For the first term in the integrand on the right, you will want to use integration by parts. Are you familiar with this method?

3. ## Re: Definite intergrals for an expression of displacement?

I've not touched on any integration for a few years just reading up on it now thanks for the reply

4. ## Re: Definite intergrals for an expression of displacement?

Ok I've tried to use integration by parts but keep going down dead ends this is where I'm at:
I= 12t^-0.5t
I= 12t x e^-0.5t/-0.5 - { e^-0.5/-0.5 x 12dt
I= 12te^-0.5t/-0.5. - 12/-0.5 x e^-0.5t/-0.5
I= 12te-0.5t/-0.5 - 12e^-0.5t/0.25
Is this correct before I definate integrate and do I add the original +5 back in?

5. ## Re: Definite intergrals for an expression of displacement?

I would let:

$I_1=12\int_0^t we^{-\frac{w}{2}}\,dw$

$I_2=5\int_0^t\,dv=5t$ (this one we are able to evaluate directly).
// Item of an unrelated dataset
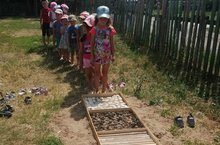 С целью укрепления здоровья детей совместно с родителями мы сделали профилактическую "дорожку здоровья.» Дорожка здоровья является хорошим помощником в оздоровительной работе для закаливания и профилактики плоскостопия. Для формирования каркаса использовали вагонку,а так же следующий материал: шишки еловые, бруски, булыжники среднего размера, крышки пластиковые, речной песок.Дети с удовольствием ходят по дорожке здоровья.

So, we are left with the first term on which to use integration by parts.

Let:

$u=w\,\therefore\,du=dw$

$dv=e^{-\frac{w}{2}}\,dw\,\therefore\,v=-2e^{-\frac{w}{2}}$

and so we have:

$\frac{I_1}{12}=\left(\left[-2we^{-\frac{w}{2}} \right]_0^t+2\int_0^t e^{-\frac{w}{2}}\,dw$

$\frac{I_1}{12}=-2te^{-\frac{t}{2}}+2\left[-2e^{-\frac{w}{2}} \right]_0^t$

$\frac{I_1}{12}=-2te^{-\frac{t}{2}}+2\left(-2e^{-\frac{t}{2}}+2 \right)$

$\frac{I_1}{12}=-2te^{-\frac{t}{2}}-4e^{-\frac{t}{2}}+4$

$I_1=48-24e^{-\frac{t}{2}}(t+2)$

Add so, putting everything together, we find:

$s(t)=5t+48-24e^{-\frac{t}{2}}(t+2)$

6. ## Re: Definite intergrals for an expression of displacement?

Ok but when t=0 s= 48 and it should equal zero also that's what confused me with my answer?

7. ## Re: Definite intergrals for an expression of displacement?

Ignore that, finger trouble